If pictures appear in the lines below, skip them and copy exactly the lines from the one containing "黄瓜、胡萝卜、紫甘蓝切丝。" through the one containing "Below, a 77", and nothing else.
DATA TO EXAMINE below:
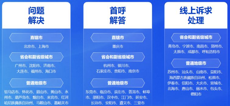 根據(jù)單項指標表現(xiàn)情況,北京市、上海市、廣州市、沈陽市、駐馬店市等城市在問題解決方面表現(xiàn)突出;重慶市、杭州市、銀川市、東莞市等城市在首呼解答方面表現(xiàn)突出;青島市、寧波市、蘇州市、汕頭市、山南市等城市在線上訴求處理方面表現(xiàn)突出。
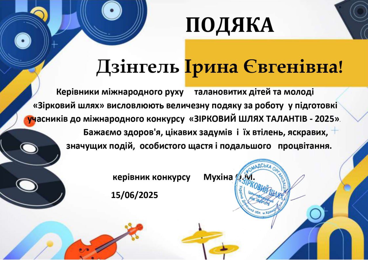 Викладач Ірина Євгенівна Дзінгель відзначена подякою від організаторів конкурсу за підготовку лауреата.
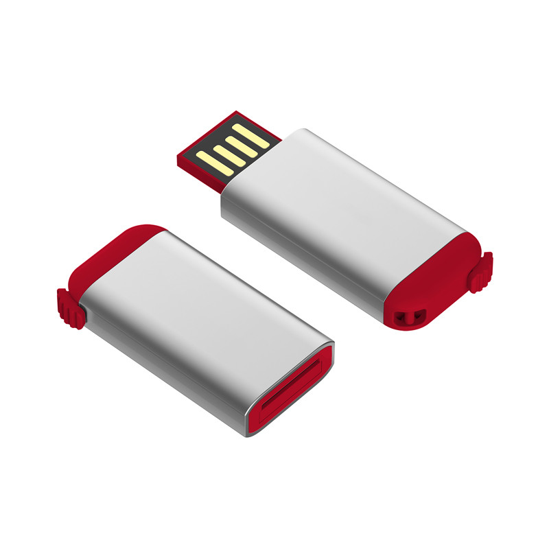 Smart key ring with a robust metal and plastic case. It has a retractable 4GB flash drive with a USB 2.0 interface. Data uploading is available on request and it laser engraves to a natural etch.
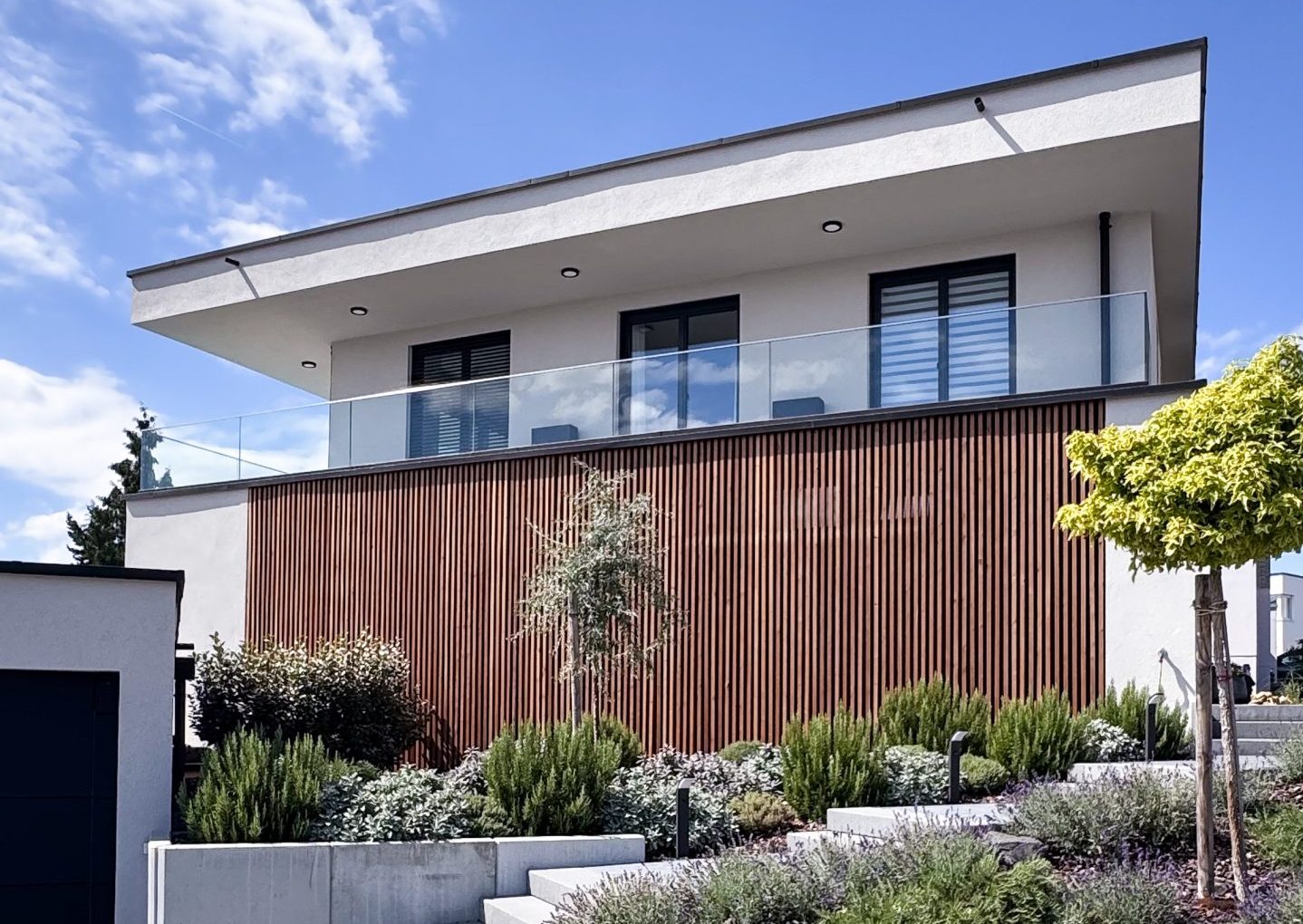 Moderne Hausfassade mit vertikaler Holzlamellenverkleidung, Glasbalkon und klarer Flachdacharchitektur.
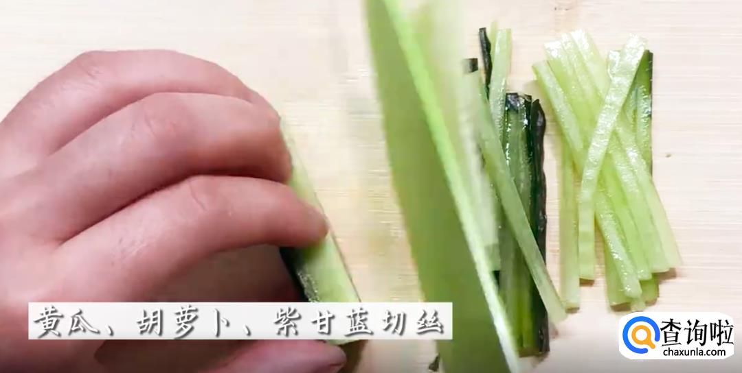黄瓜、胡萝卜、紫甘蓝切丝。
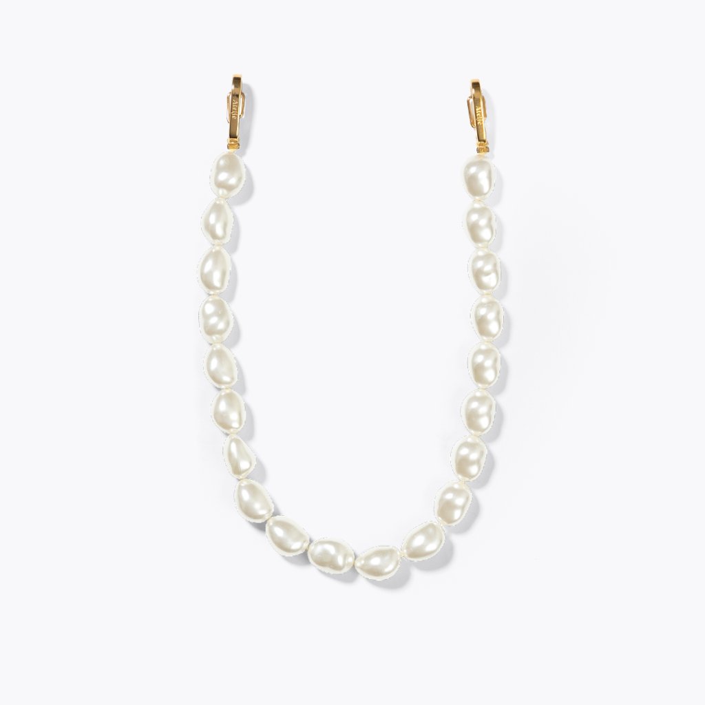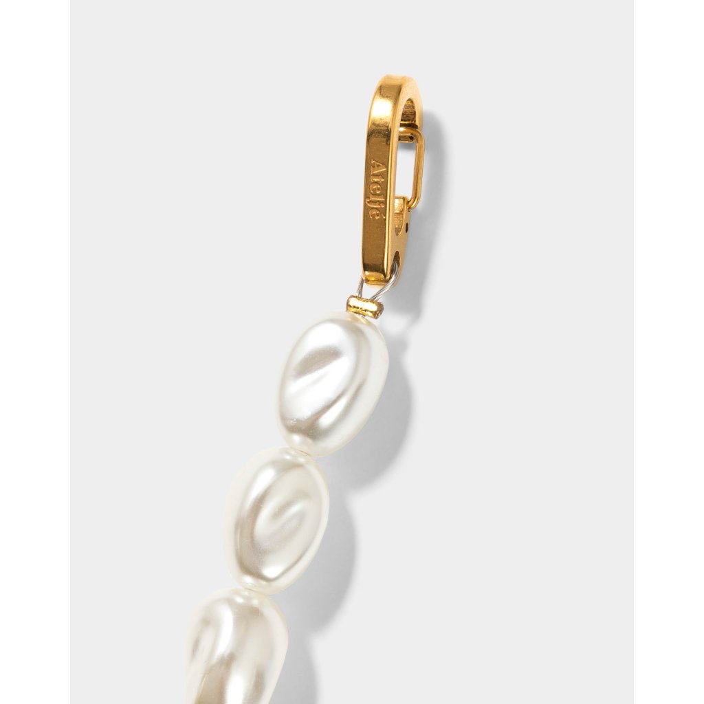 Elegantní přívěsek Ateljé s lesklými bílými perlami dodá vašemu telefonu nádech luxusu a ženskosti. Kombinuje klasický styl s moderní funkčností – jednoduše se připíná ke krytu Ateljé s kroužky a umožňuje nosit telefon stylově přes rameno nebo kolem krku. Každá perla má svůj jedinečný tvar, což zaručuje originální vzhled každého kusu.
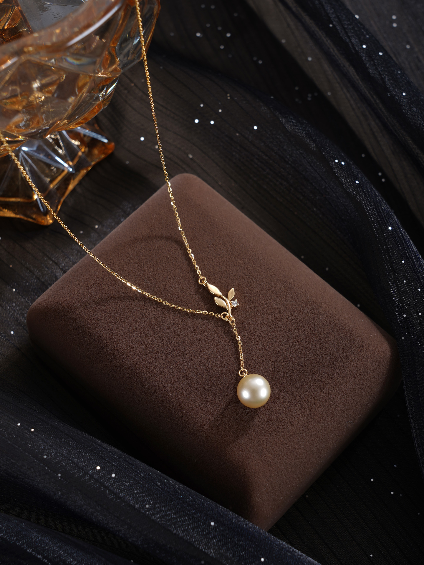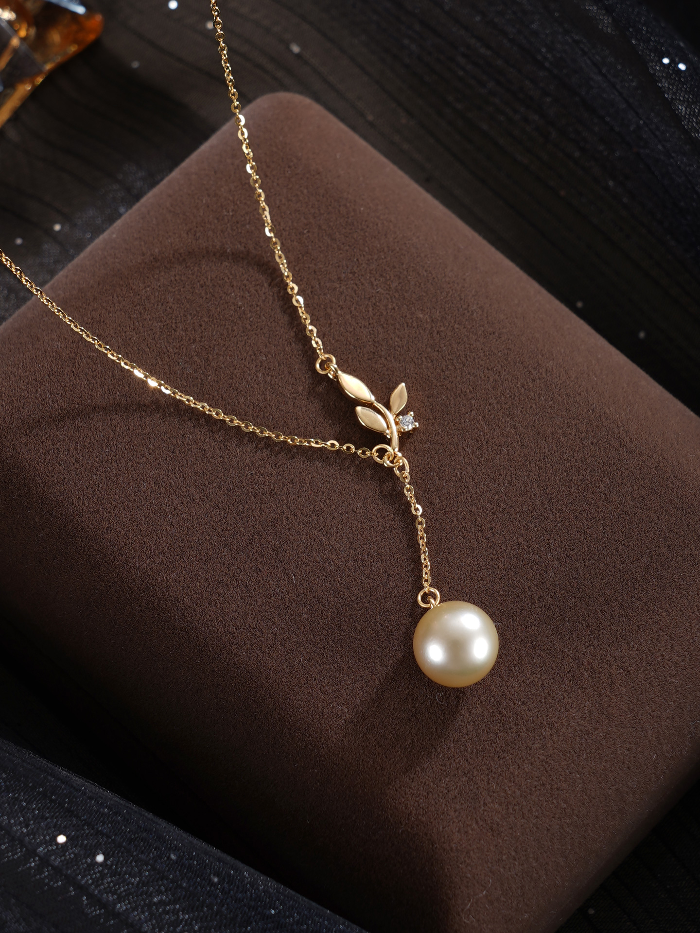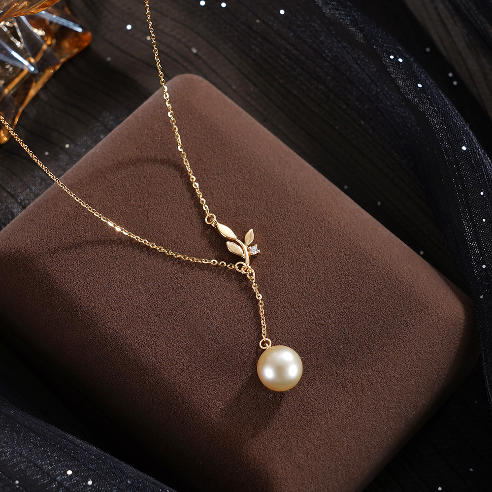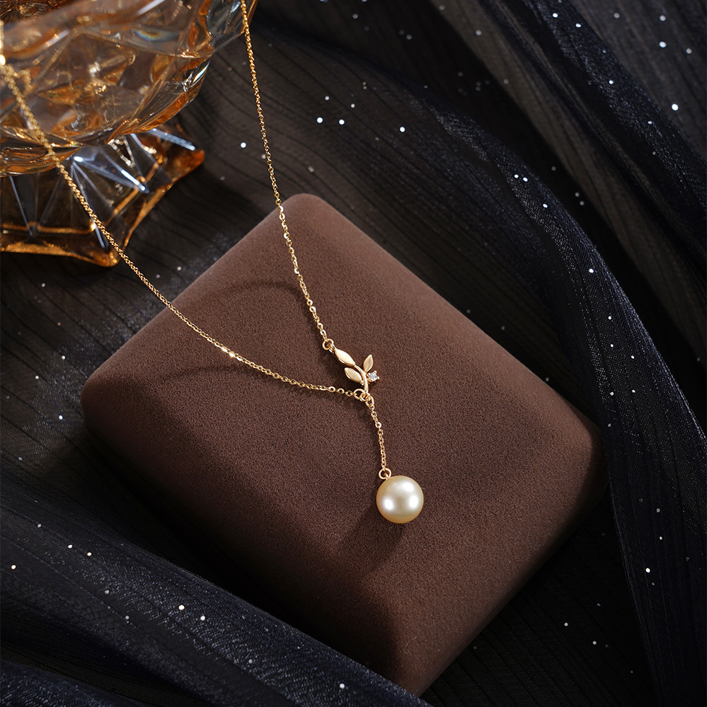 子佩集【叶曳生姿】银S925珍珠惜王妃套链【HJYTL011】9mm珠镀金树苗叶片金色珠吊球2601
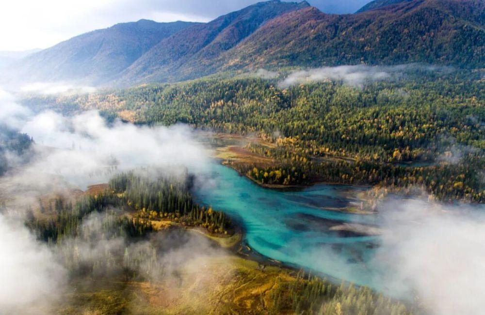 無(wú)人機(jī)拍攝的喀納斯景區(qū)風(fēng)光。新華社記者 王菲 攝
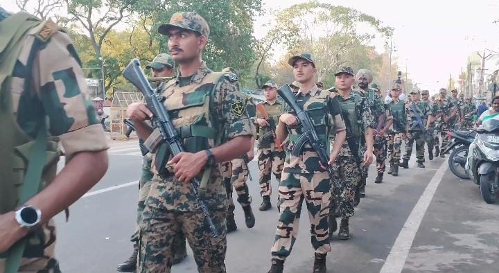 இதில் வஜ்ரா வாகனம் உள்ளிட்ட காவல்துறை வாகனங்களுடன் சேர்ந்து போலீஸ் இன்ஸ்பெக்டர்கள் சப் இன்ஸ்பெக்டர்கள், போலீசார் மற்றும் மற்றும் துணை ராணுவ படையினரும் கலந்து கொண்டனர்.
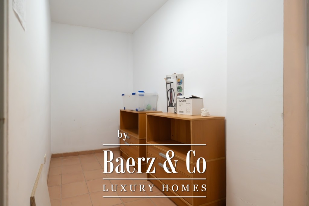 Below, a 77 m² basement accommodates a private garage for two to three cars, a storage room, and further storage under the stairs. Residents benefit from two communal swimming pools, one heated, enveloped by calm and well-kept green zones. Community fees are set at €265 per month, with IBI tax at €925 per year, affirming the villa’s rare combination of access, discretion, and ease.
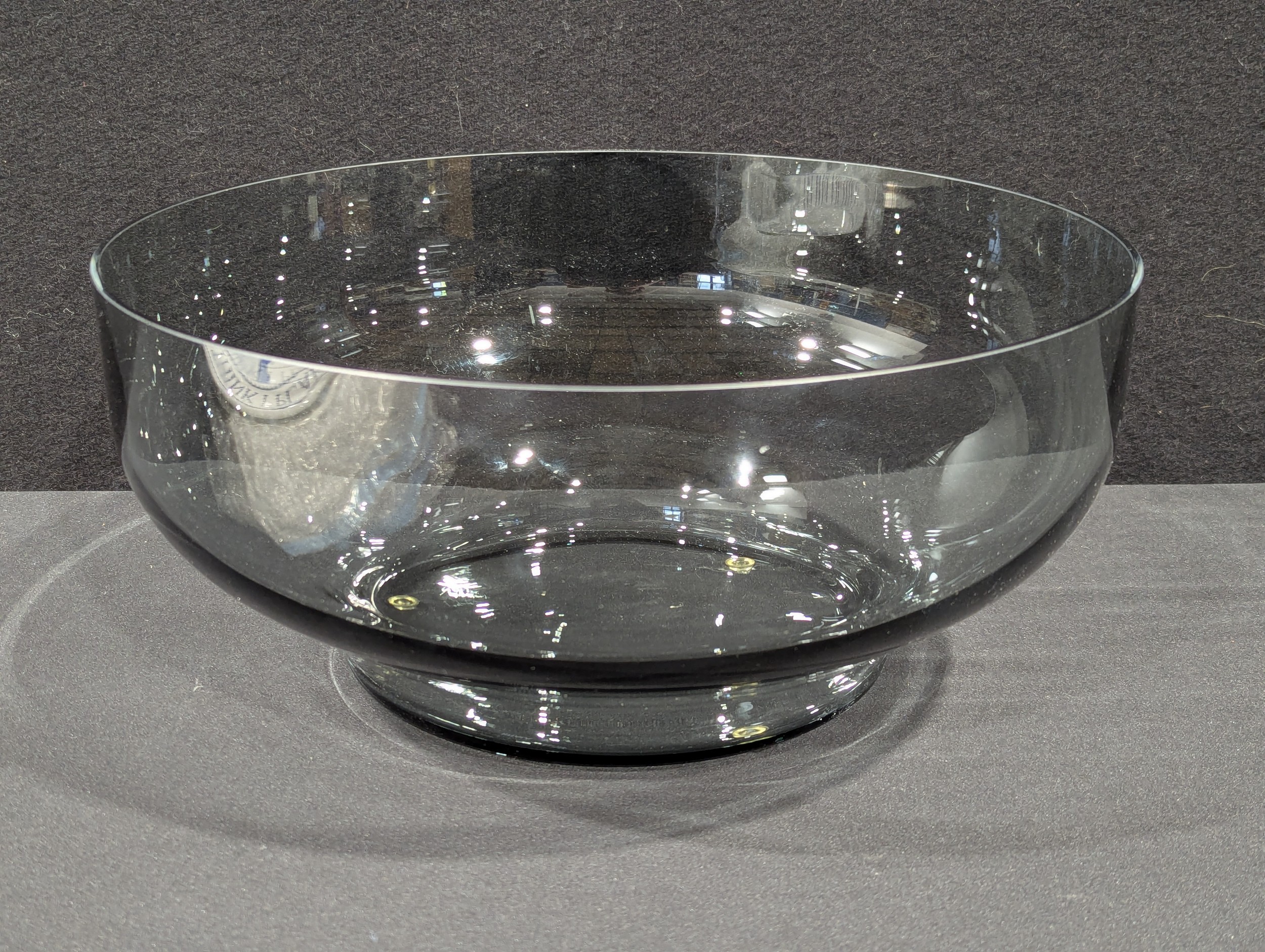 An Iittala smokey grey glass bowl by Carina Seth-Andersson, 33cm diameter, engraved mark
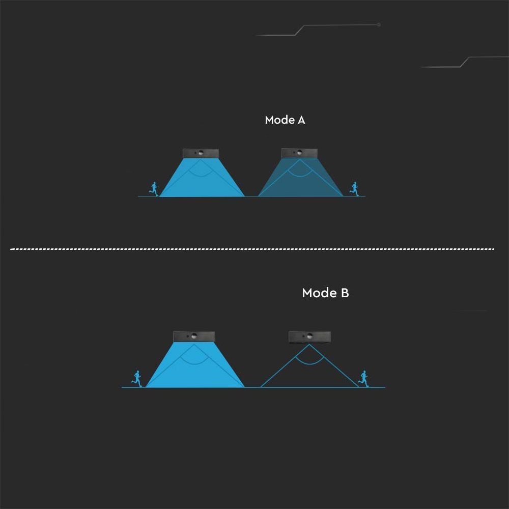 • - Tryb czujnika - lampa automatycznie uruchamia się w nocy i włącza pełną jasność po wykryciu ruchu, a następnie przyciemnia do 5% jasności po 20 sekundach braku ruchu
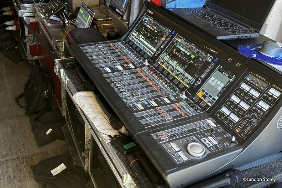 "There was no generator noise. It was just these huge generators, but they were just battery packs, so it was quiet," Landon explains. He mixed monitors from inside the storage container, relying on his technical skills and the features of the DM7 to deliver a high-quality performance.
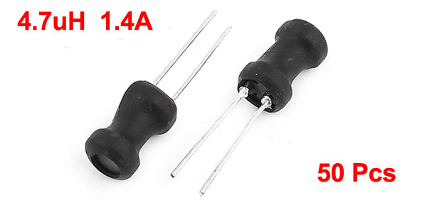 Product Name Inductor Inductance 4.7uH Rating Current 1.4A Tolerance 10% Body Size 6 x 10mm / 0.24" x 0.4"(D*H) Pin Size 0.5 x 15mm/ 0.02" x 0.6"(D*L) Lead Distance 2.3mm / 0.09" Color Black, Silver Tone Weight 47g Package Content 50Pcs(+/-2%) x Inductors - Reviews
End of DATA TO EXAMINE.
→ RESPONSE TO THIS EXERCISE
黄瓜、胡萝卜、紫甘蓝切丝。
 Elegantní přívěsek Ateljé s lesklými bílými perlami dodá vašemu telefonu nádech luxusu a ženskosti. Kombinuje klasický styl s moderní funkčností – jednoduše se připíná ke krytu Ateljé s kroužky a umožňuje nosit telefon stylově přes rameno nebo kolem krku. Každá perla má svůj jedinečný tvar, což zaručuje originální vzhled každého kusu.
 子佩集【叶曳生姿】银S925珍珠惜王妃套链【HJYTL011】9mm珠镀金树苗叶片金色珠吊球2601
 無(wú)人機(jī)拍攝的喀納斯景區(qū)風(fēng)光。新華社記者 王菲 攝
 இதில் வஜ்ரா வாகனம் உள்ளிட்ட காவல்துறை வாகனங்களுடன் சேர்ந்து போலீஸ் இன்ஸ்பெக்டர்கள் சப் இன்ஸ்பெக்டர்கள், போலீசார் மற்றும் மற்றும் துணை ராணுவ படையினரும் கலந்து கொண்டனர்.
 Below, a 77 m² basement accommodates a private garage for two to three cars, a storage room, and further storage under the stairs. Residents benefit from two communal swimming pools, one heated, enveloped by calm and well-kept green zones. Community fees are set at €265 per month, with IBI tax at €925 per year, affirming the villa’s rare combination of access, discretion, and ease.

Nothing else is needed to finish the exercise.